In driving to the hospital on Alton’s outskirts, we passed the museum grounds, where every tree and flower-bed wore a name-tag and black swans drifted through flotillas of crumbled bread. As a child I had believed literally that bread cast upon the waters came back doubled. Within the museum there were mummies with lips snarling back from their teeth in astonishment; a tiny gilt chair for a baby pharaoh; an elephant tusk carved into hundreds of tiny Chinamen and pagodas and squat leafy trees; miniature Eskimo villages that you lit up with a switch and peeped into like an Easter egg; cases of arrowheads; rooms of stuffed birds; and, upstairs, dower chests decorated with hearts and unicorns and tulips by the pious “plain people,” and iridescent glassware from the kilns of Baron von Steigel, and slashing paintings of Pennsylvania woodland by the Shearer brothers, and bronze statuettes of wrestling Indians that stirred my first erotic dreams, and, in the round skylit room at the head of the marble stairs, a black-rimmed pool in whose center a naked green girl held to her pursed lips a shell whose transparent contents forever spilled from the other side, filling this whole vast upstairs—from whose Palladian windows the swans in their bready pond could be seen trailing fan-shaped wakes—with the trickle and splatter of falling water. The world then seemed to me an intricate wonder displayed for my delight with no price asked. Visible above the trees across the pond were rose glints of the hospital, an orderly multitude of tall brick rectangles set among levelled and well-tended grounds, an ideal city of the ill.
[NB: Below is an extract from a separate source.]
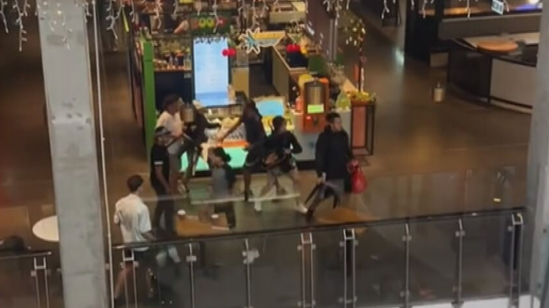 现场画面显示,这群青少年先是互相扔椅子,随后甚至将目标转向了随机路过的购物者。有人险些被砸到。

I had forgotten how grand the Alton hospital was. I had not seen its stately entrance, approached down a grassy mall, since,
at the age of eight, I had left the hospital unburdened of my tonsils. Then, too, it had been spring, and the mall was bright with the first flush of green, and my mother was with me. I recalled it to her, and she said, “I felt so guilty. You were so sick.”
“Really? I remember it as so pleasant.” They had put a cup of pink rubber over my nose and there had been a thunderous flood of the smell of cotton candy and I opened my eyes and my mother was reading a magazine beside my bed.